___ DATASET SECTION ___

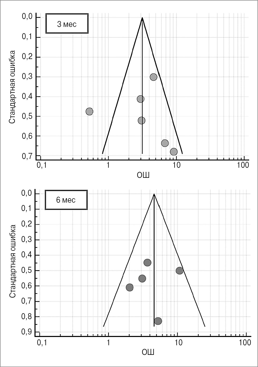 Вероятность наличия публикационного смещения оценена при помощи построения воронкообразной диаграммы рассеяния, а также расчета теста Бегга–Мазумдара и теста регрессии Эггера как для 3-месячной, так и 6-месячной терапии. При визуальном анализе воронкообразных диаграмм рассеяния (рис. 3) существенной асимметрии выявлено не было. Помимо этого, наличие значимого публикационного смещения было исключено по результатам теста Бегга–Мазумдара (3 мес, p=0,3476; 6 мес, p=0,6242) и теста регрессии Эггера (3 мес, p=0,9713; 6 мес, p=0,8143).
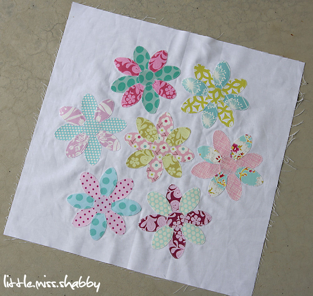 This block turned out a lot different than I had originally planned.  But, I thought it was cute–you know what’s nifty…each flower is made using just two pieces.
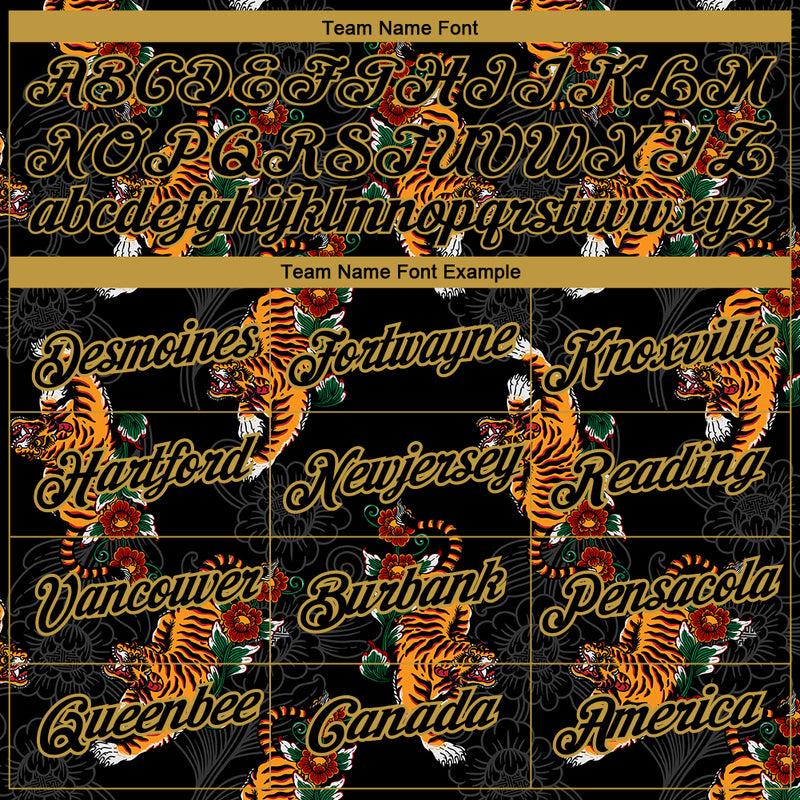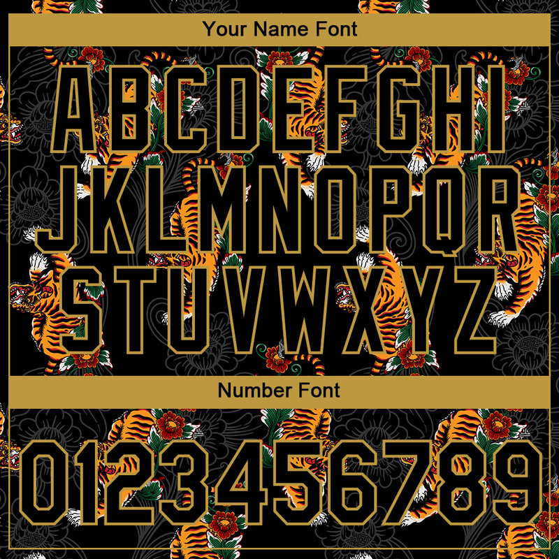 Custom Black Old Gold 3D Pattern Design Tiger Performance T-Shirt

___

Write out the data in full and exactly as given, though without the images.

### RESPONSE
 Вероятность наличия публикационного смещения оценена при помощи построения воронкообразной диаграммы рассеяния, а также расчета теста Бегга–Мазумдара и теста регрессии Эггера как для 3-месячной, так и 6-месячной терапии. При визуальном анализе воронкообразных диаграмм рассеяния (рис. 3) существенной асимметрии выявлено не было. Помимо этого, наличие значимого публикационного смещения было исключено по результатам теста Бегга–Мазумдара (3 мес, p=0,3476; 6 мес, p=0,6242) и теста регрессии Эггера (3 мес, p=0,9713; 6 мес, p=0,8143).
 This block turned out a lot different than I had originally planned.  But, I thought it was cute–you know what’s nifty…each flower is made using just two pieces.
 Custom Black Old Gold 3D Pattern Design Tiger Performance T-Shirt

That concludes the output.